AVAILABLE DATA section start

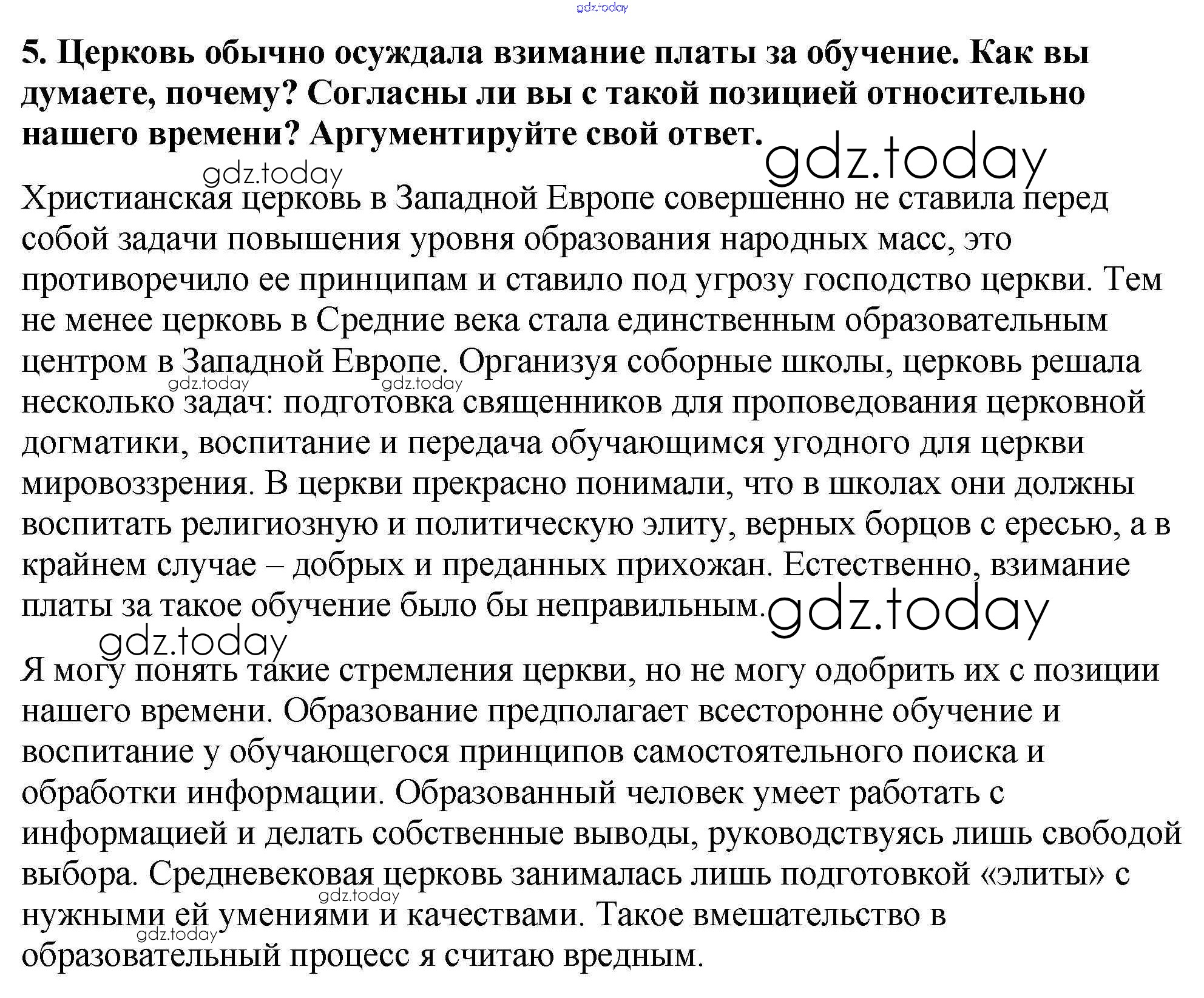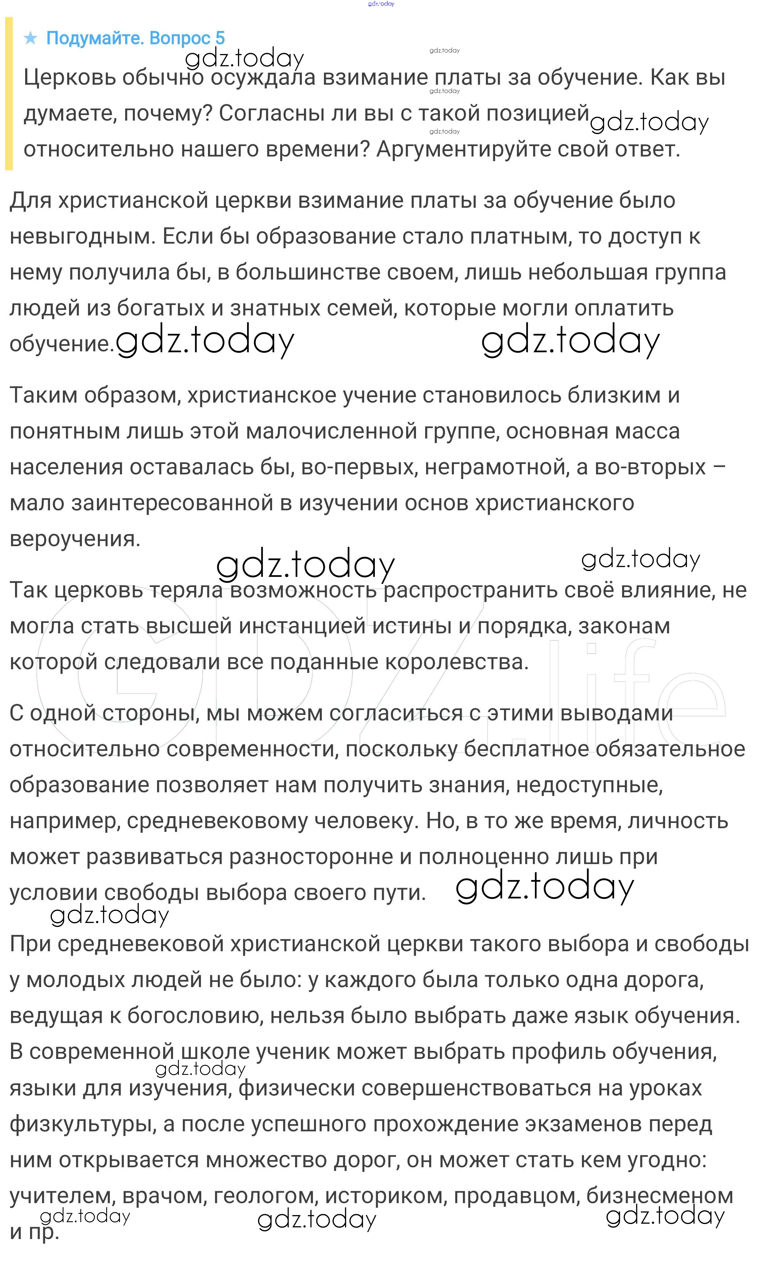 На страницах сайта gdz.today вы найдете учебный и вспомогательный материал, направленный на улучшения знаний школьной программы. ГДЗ - онлайн мир знаний Подумайте § 2. Христианская церковь в раннее Средневековье 5 Учебнику по Всеобщей истории для 6 класса Агибалова, Донской Просвещение 2014
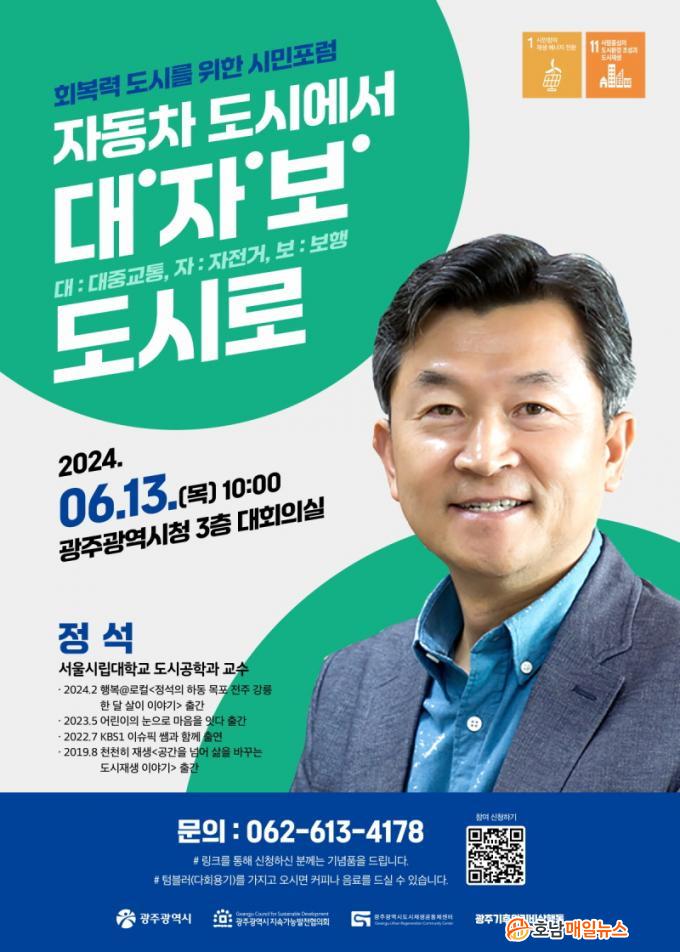±¤ÁÖ±¤¿ª½Ã(½ÃÀå °±âÁ¤)´Â ¿À´Â 13ÀÏ ¿ÀÀü 10½Ã ½Ãû ´ëȸÀǽǿ¡¼ µµ½ÃÀç»ý¡¤µµ½Ã¼³°è ¼®ÇÐ Á¤¼® ±³¼ö(¼¿ï½Ã¸³´ë µµ½Ã°øÇаú)¸¦ ÃʺùÇØ ¡®È¸º¹·Â µµ½Ã¸¦ À§ÇÑ ½Ã¹ÎÆ÷·³ ÀÚµ¿Â÷ µµ½Ã¿¡¼ ´ë¡¤ÀÚ¡¤º¸(´ëÁß±³Å롤ÀÚÀü°Å¡¤º¸Çà) µµ½Ã·Î¡¯¸¦ ÁÖÁ¦·Î Ưº°°¿¬À» °³ÃÖÇÑ´Ù.
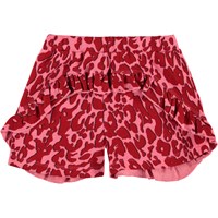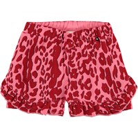 Amma is a pair of pink shorts with red leopard spots. They have a ruffle edge at the bottom.
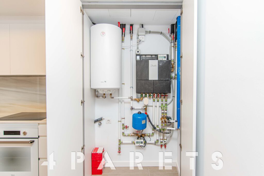 Respecto a los acabados y confort, poco que decir, ya que rozan la excelencia. El piso dispone de suelos de parquet en todas las estancias menos en los baños, aire acondicionado con bomba de calor por conductos en todo el piso, sistema eficiencia energética aerotermia, el cual proporciona un gran ahorro. Carpinterías exteriores con doble vidrio de alta calidad, iluminación por led, etc.

AVAILABLE DATA section end

TASK DETAILS.
In your copy of the listing above, every line must match exactly and no picture may appear.

WRITTEN ANSWER.
 На страницах сайта gdz.today вы найдете учебный и вспомогательный материал, направленный на улучшения знаний школьной программы. ГДЗ - онлайн мир знаний Подумайте § 2. Христианская церковь в раннее Средневековье 5 Учебнику по Всеобщей истории для 6 класса Агибалова, Донской Просвещение 2014
±¤ÁÖ±¤¿ª½Ã(½ÃÀå °±âÁ¤)´Â ¿À´Â 13ÀÏ ¿ÀÀü 10½Ã ½Ãû ´ëȸÀǽǿ¡¼ µµ½ÃÀç»ý¡¤µµ½Ã¼³°è ¼®ÇÐ Á¤¼® ±³¼ö(¼¿ï½Ã¸³´ë µµ½Ã°øÇаú)¸¦ ÃʺùÇØ ¡®È¸º¹·Â µµ½Ã¸¦ À§ÇÑ ½Ã¹ÎÆ÷·³ ÀÚµ¿Â÷ µµ½Ã¿¡¼ ´ë¡¤ÀÚ¡¤º¸(´ëÁß±³Å롤ÀÚÀü°Å¡¤º¸Çà) µµ½Ã·Î¡¯¸¦ ÁÖÁ¦·Î Ưº°°¿¬À» °³ÃÖÇÑ´Ù.
 Amma is a pair of pink shorts with red leopard spots. They have a ruffle edge at the bottom.
 Respecto a los acabados y confort, poco que decir, ya que rozan la excelencia. El piso dispone de suelos de parquet en todas las estancias menos en los baños, aire acondicionado con bomba de calor por conductos en todo el piso, sistema eficiencia energética aerotermia, el cual proporciona un gran ahorro. Carpinterías exteriores con doble vidrio de alta calidad, iluminación por led, etc.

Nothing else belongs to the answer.